Twenty years later, Marcus du Sautoy was appointed to the Charles Simonyi Professorship for the Public Understanding of Science at Oxford, and to judge by his new book, he had a similar experience. “It often makes me laugh,” he writes about the exalted title he holds, and adds, “There seems to be a belief that with such a title I should know it all.” He recounts how the announcement of the 2009 Nobel Prize in Physiology or Medicine for the discovery of “how chromosomes are protected by telomeres and the enzyme telomerase,” was followed — predictably, I would say — by a call from a journalist hoping for an explanation of the breakthrough.
“Biology,” du Sautoy writes, “has never been my strong point, but I was sitting in front of my computer screen and so I’m embarrassed to admit I got the Wikipedia page up on telomeres and, after a quick scan, proceeded to explain.”
How I wish we’d had Wikipedia back in the early 1990s, when I needed it most! But on second thought, how glad I am that we didn’t: The temptation to become an instant expert on everything under the sun would surely have been too great to resist. To be fair to du Sautoy, though, his is an honestly self-deprecating story. Nowhere in this book does he come across as a know-it-all. On the contrary, he’s at pains to emphasize that no one can know it all: first, for the obvious reason that the sum of scientific knowledge is too vast for any one person to master; and second, for the not-so-obvious reason that some things — interesting things, intriguing things, perhaps even important things — appear to lie beyond our collective ability ever to find out.

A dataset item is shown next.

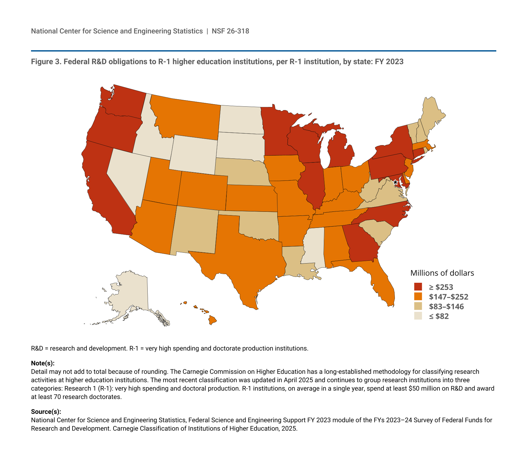 Detail may not add to total because of rounding. The Carnegie Commission on Higher Education has a long-established methodology for classifying research activities at higher education institutions. The most recent classification was updated in April 2025 and continues to group research institutions into three categories: Research 1 (R-1): very high spending and doctoral production. R-1 institutions, on average in a single year, spend at least $50 million on R&D and award at least 70 research doctorates.

The context for “What We Cannot Know” is significant. Du Sautoy is not the first holder of the Simonyi Chair. That honor goes to Richard Dawkins, for whom the Chair was created in the mid-1990s. As is now well known, Dawkins soon gave up teaching to devote himself wholeheartedly to writing and public speaking; within a decade, he had become both the U.K.’s best-known public intellectual and the world’s most famous atheist.

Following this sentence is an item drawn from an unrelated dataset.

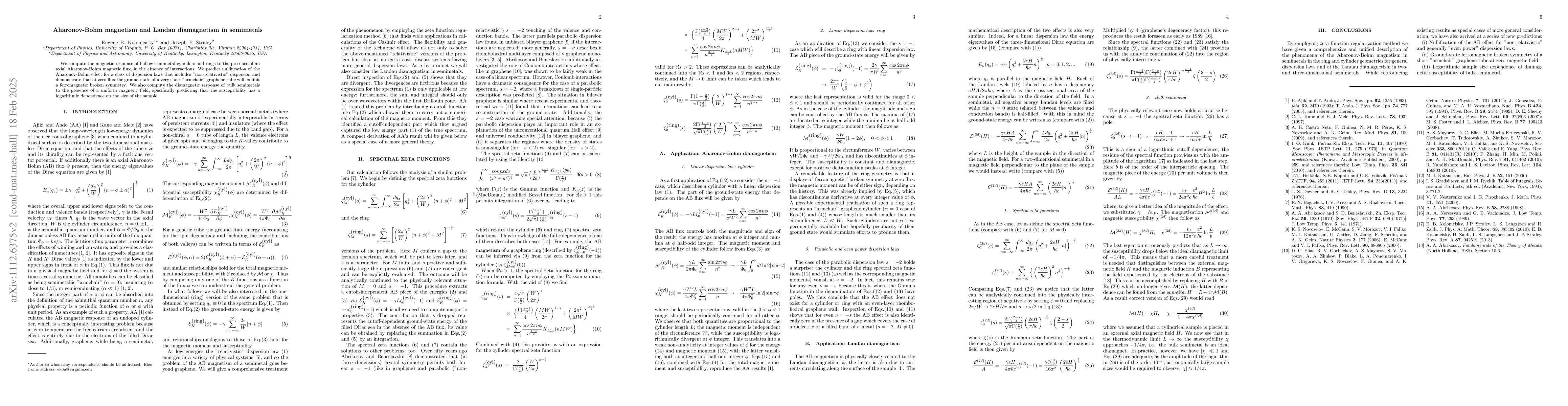 We compute the magnetic response of hollow semimetal cylinders and rings to the presence of an axial Aharonov-Bohm magnetic flux, in the absence of interactions. We predict nullification of the Aharonov-Bohm effect for a class of dispersion laws that includes "non-relativistic" dispersion and demonstrate that at zero flux the ground-state of a very short "armchair" graphene tube will exhibit a ferromagnetic broken symmetry. We also compute the diamagnetic response of bulk semimetals to the presence of a uniform magnetic field, specifically predicting that the susceptibility has a logarithmic dependence on the size of the sample.

Not surprisingly, perhaps, when Dawkins retired from the Simonyi Chair in 2008, Oxford decided to appoint a rather different kind of successor. The news article in The Guardian bore the bracing headline “Popular face of maths to succeed godless Dawkins,” and the reporter, Alok Jha, cheerily began, “Stepping into the shoes of Richard Dawkins could be intimidating for some: not so for Marcus du Sautoy.” Noting that du Sautoy was “keen to steer his own path,” Jha quoted him as follows: “I’m bracing myself for everyone asking me if I believe in God or not…But my focus is mainly on trying to excite people about science, why I do it, how it impacts on your life”.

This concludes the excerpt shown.